Task prompt ->
Only the lines from the one with "- Pilihan Warna" through the end of the data below belong in the answer, restated word for word, pictures excluded.

Provided material ->
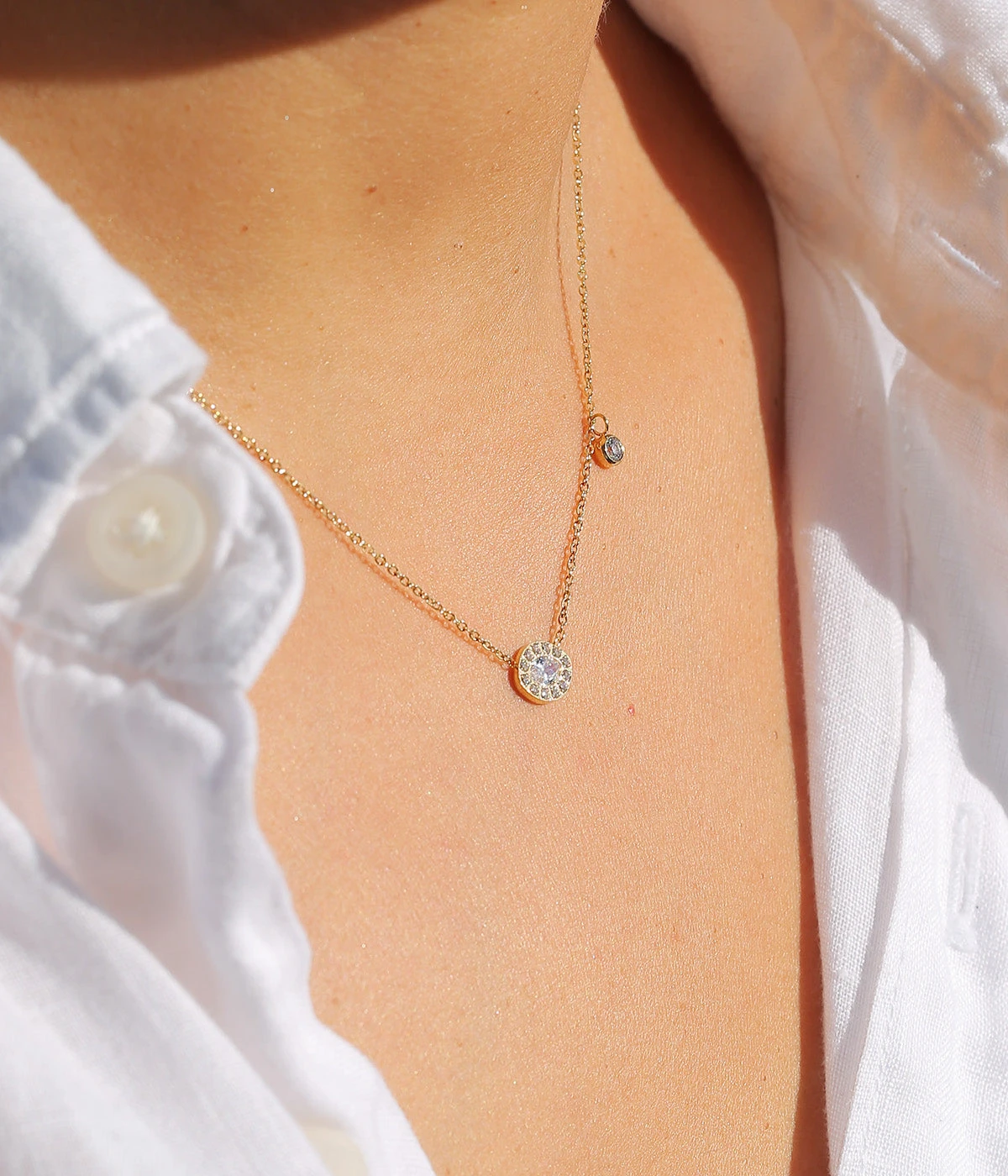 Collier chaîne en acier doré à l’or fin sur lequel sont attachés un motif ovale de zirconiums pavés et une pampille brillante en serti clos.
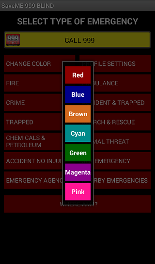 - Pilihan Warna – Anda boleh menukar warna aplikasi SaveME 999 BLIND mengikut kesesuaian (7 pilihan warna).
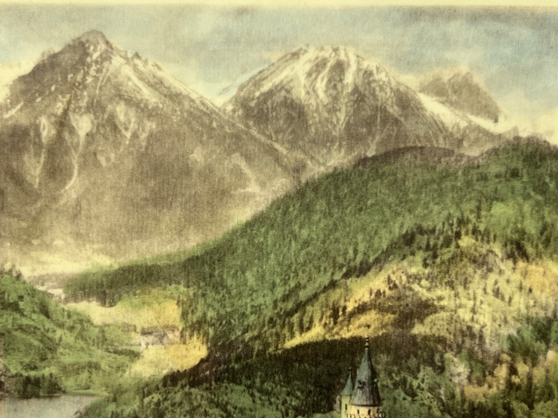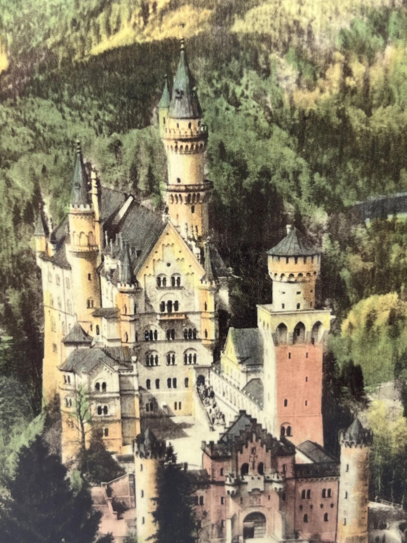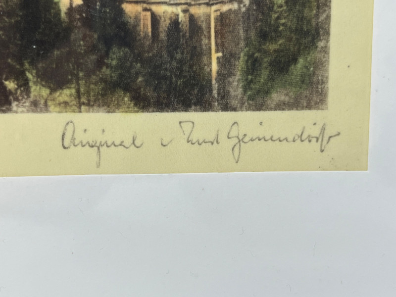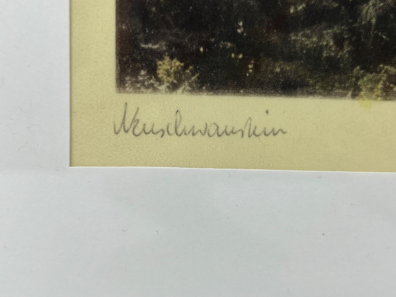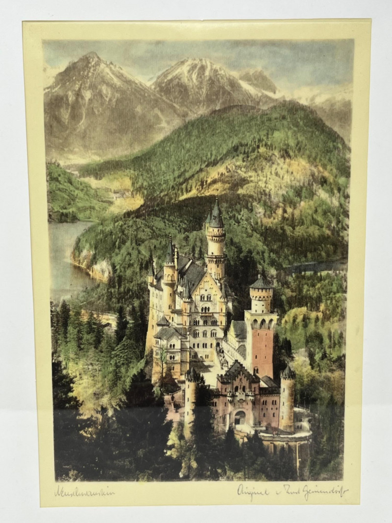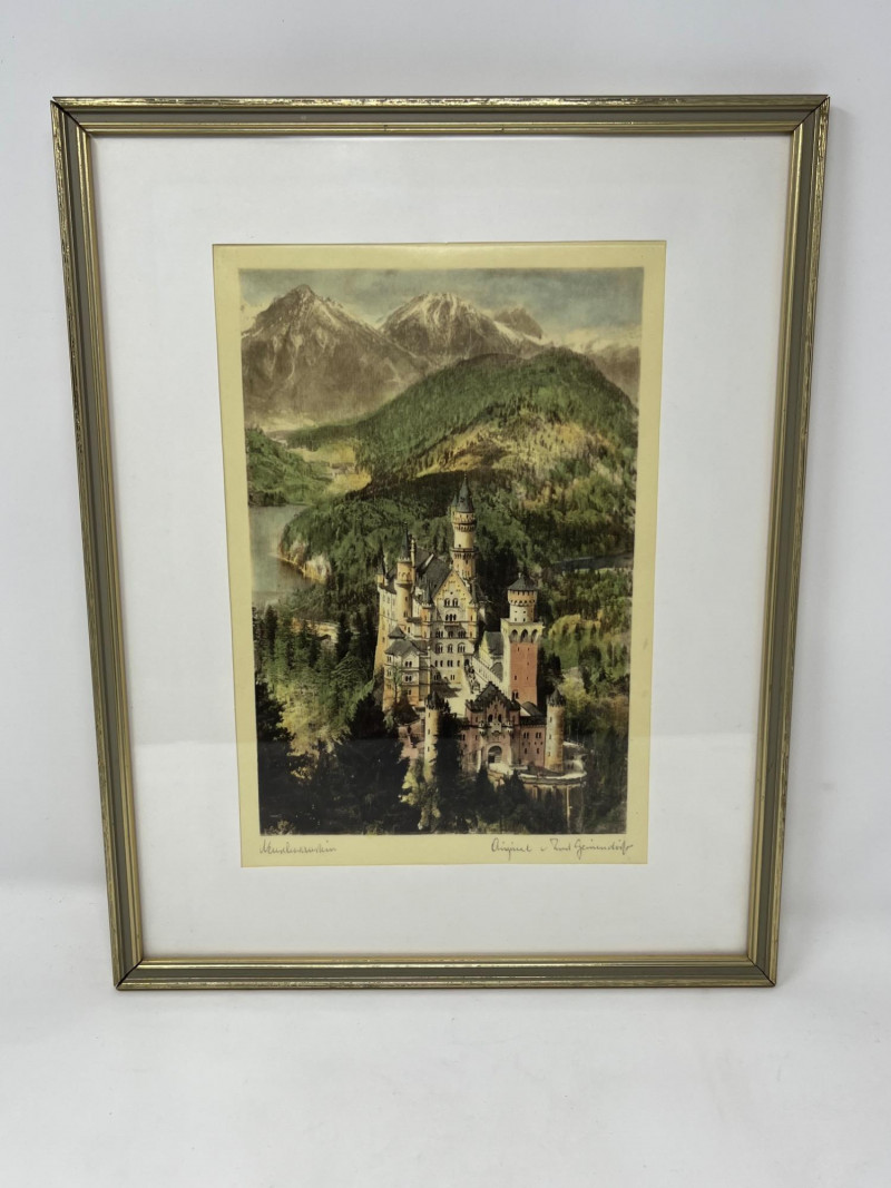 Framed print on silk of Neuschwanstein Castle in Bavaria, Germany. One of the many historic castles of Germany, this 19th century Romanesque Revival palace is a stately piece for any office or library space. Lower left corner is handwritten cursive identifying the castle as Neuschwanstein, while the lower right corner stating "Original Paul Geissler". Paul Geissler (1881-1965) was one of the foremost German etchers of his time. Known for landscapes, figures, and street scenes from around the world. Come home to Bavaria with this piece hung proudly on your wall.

Result of the exercise ->
 - Pilihan Warna – Anda boleh menukar warna aplikasi SaveME 999 BLIND mengikut kesesuaian (7 pilihan warna).
 Framed print on silk of Neuschwanstein Castle in Bavaria, Germany. One of the many historic castles of Germany, this 19th century Romanesque Revival palace is a stately piece for any office or library space. Lower left corner is handwritten cursive identifying the castle as Neuschwanstein, while the lower right corner stating "Original Paul Geissler". Paul Geissler (1881-1965) was one of the foremost German etchers of his time. Known for landscapes, figures, and street scenes from around the world. Come home to Bavaria with this piece hung proudly on your wall.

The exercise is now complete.